# WORK TO BE COMPLETED
Retype exactly what appears below from the line containing "修学旅行の事前学習として講師" down to the line containing "Может использоваться как", keeping both end lines. Do not include pictures.

# RECORDS SHOWN

========================================================================

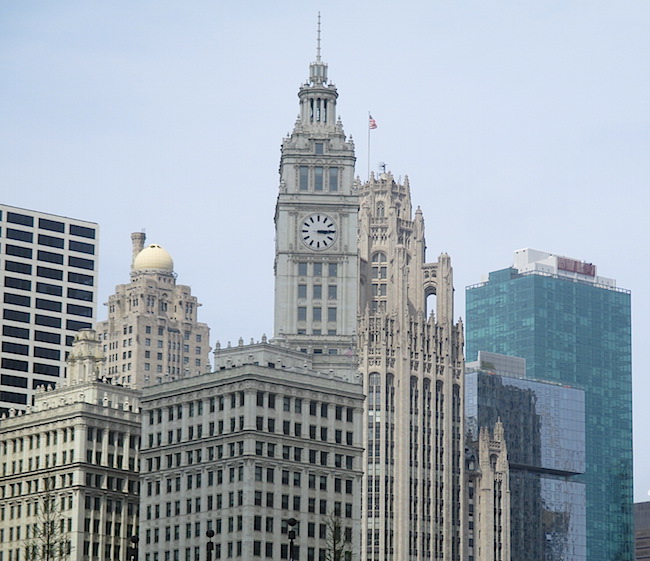 Wrigley Tower at center, Tribune Tower at right, Medina Club with the gold dome is at left.
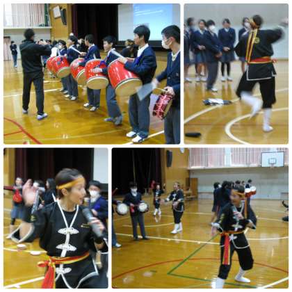 修学旅行の事前学習として講師の先生を招き,沖縄の地理・歴史・文化そして戦争のことについてのお話を聞きました。そして講演のあとはエイサーを体育館で披露していただき,太鼓を生徒が叩きました。音楽と太鼓の音で,衣笠中体育館が沖縄にいるような雰囲気になりました。
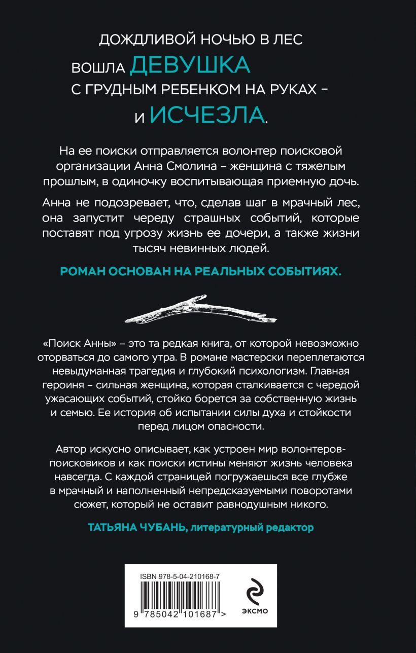"The Search for Anna is a rare book that you cannot tear yourself away from until the morning. The novel skillfully intertwines a true tragedy and deep psychology. The main character is a strong woman who faces a series of horrific events, steadfastly fighting for her own life and family. Her story is about testing fortitude and resilience in the face of danger.
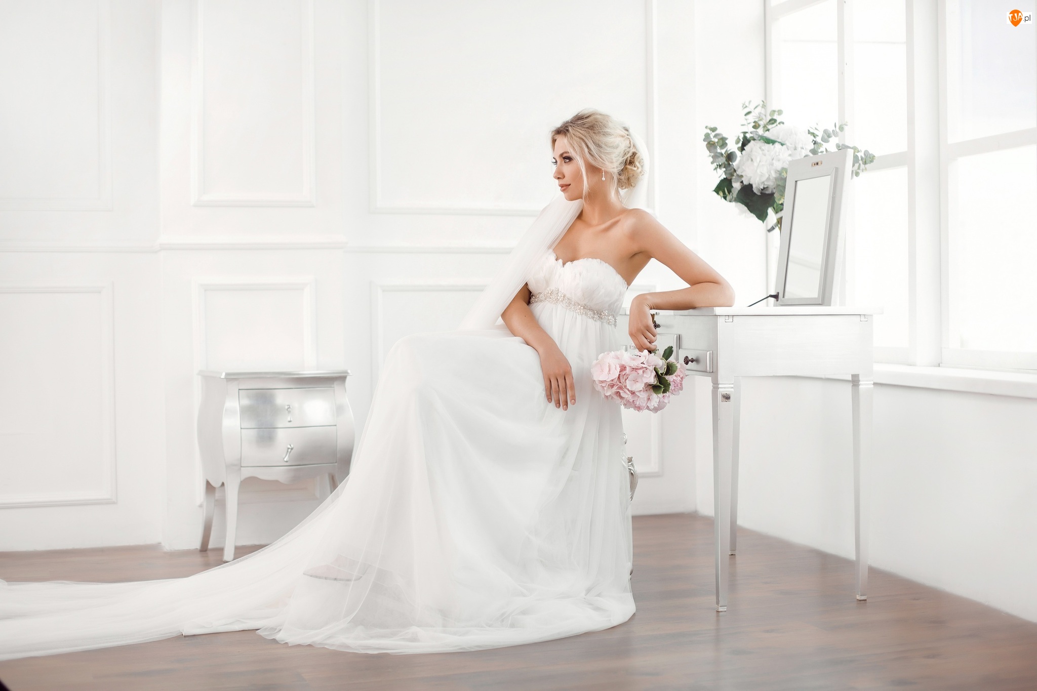 Panna młoda, Kobieta, Ślubna, Stolik, Suknia, Bukiet
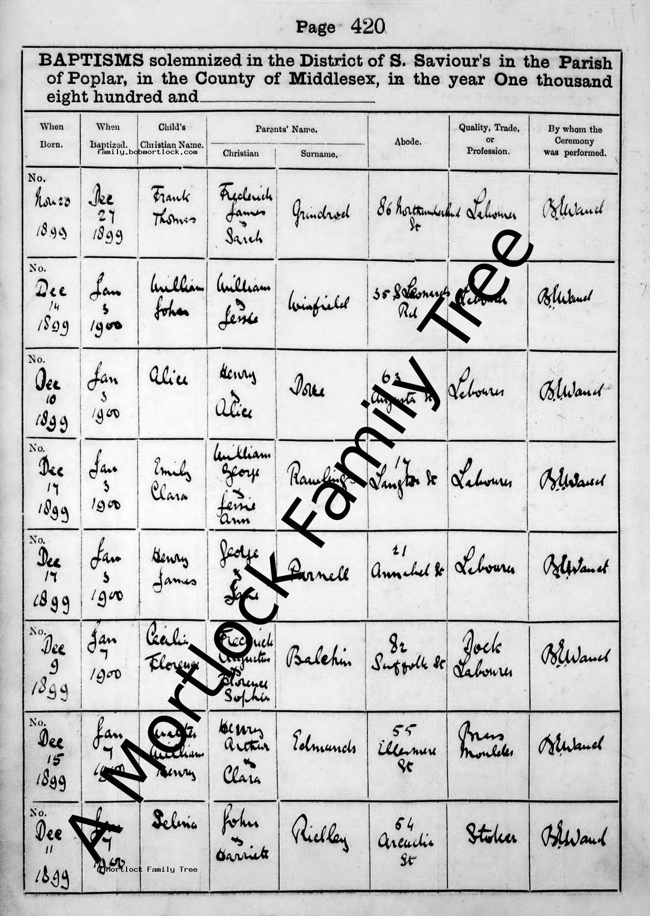 | Baptism | 3 January 1900 (Age 17 days) Poplar, E London, England Address: Saint Saviour, Northumbria Street, Tower Hamlets |
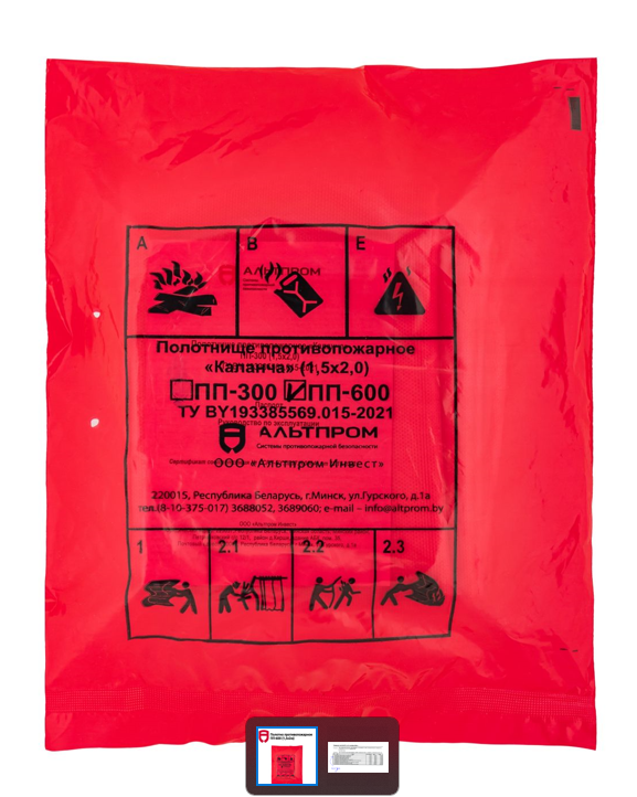 Может использоваться как накидка для накрытия места возгорания с целью прекращения доступа воздуха к открытому огню -
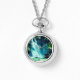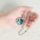 Pendant watch in an illustration of a cascading waterfall in pale blue with white spray, surrounded by boulders and green leaves
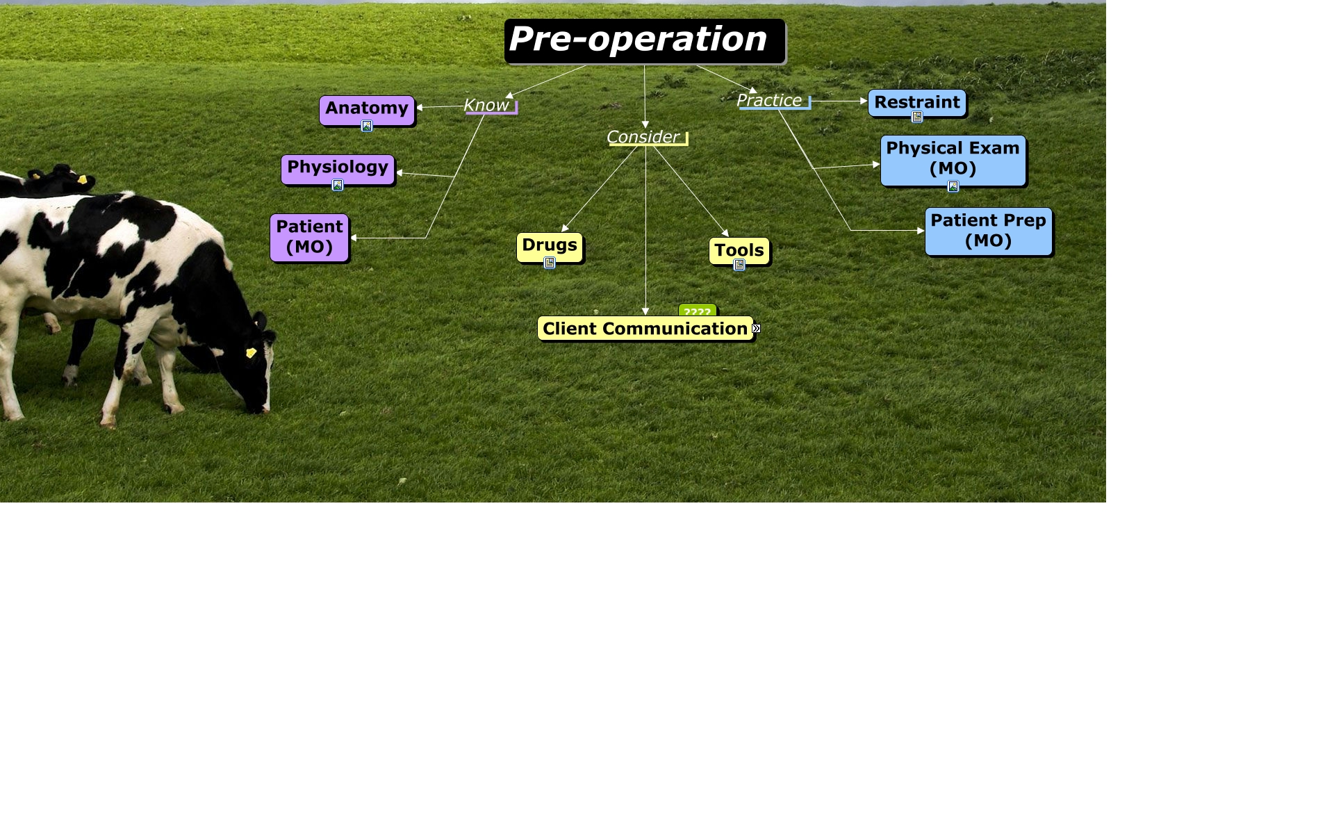 This Concept Map, created with IHMC CmapTools, has information related to: Pre-operation_7, Pre-operation Practice Physical Exam (MO), Pre-operation Know Physiology, Pre-operation Consider Tools, Pre-operation Practice Patient Prep (MO), Client Communication Discuss with client: 2. Post-op complications (MO), Client Communication Discuss with client: 3. Post-op care (MO), Client Communication Discuss with client: 4. Cost associated (MO), Client Communication Discuss with client: 1. Treatment options (MO), Client Communication Discuss with client: 5. Consent, Pre-operation Know Anatomy, Pre-operation Practice Restraint, Pre-operation Practice Restraint, Pre-operation Consider Drugs, Pre-operation Know Patient (MO), Pre-operation Consider Client Communication
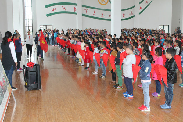 活动中,30名老少先队员代表和150余名即将入队的一年级学生在雄壮的乐曲声中举行了庄严的入队仪式。
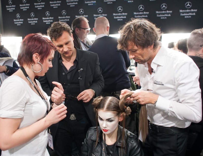 Starfriseur André Märtens (rechts) ist einer von vielen Handwerkern, die hinter den Kulissen der Fashion Week für einen reibungslosen Ablauf garantieren. - © Eugen Mai

========================================================================

# ANSWER SPACE
 修学旅行の事前学習として講師の先生を招き,沖縄の地理・歴史・文化そして戦争のことについてのお話を聞きました。そして講演のあとはエイサーを体育館で披露していただき,太鼓を生徒が叩きました。音楽と太鼓の音で,衣笠中体育館が沖縄にいるような雰囲気になりました。
"The Search for Anna is a rare book that you cannot tear yourself away from until the morning. The novel skillfully intertwines a true tragedy and deep psychology. The main character is a strong woman who faces a series of horrific events, steadfastly fighting for her own life and family. Her story is about testing fortitude and resilience in the face of danger.
 Panna młoda, Kobieta, Ślubna, Stolik, Suknia, Bukiet
 | Baptism | 3 January 1900 (Age 17 days) Poplar, E London, England Address: Saint Saviour, Northumbria Street, Tower Hamlets |
 Может использоваться как накидка для накрытия места возгорания с целью прекращения доступа воздуха к открытому огню -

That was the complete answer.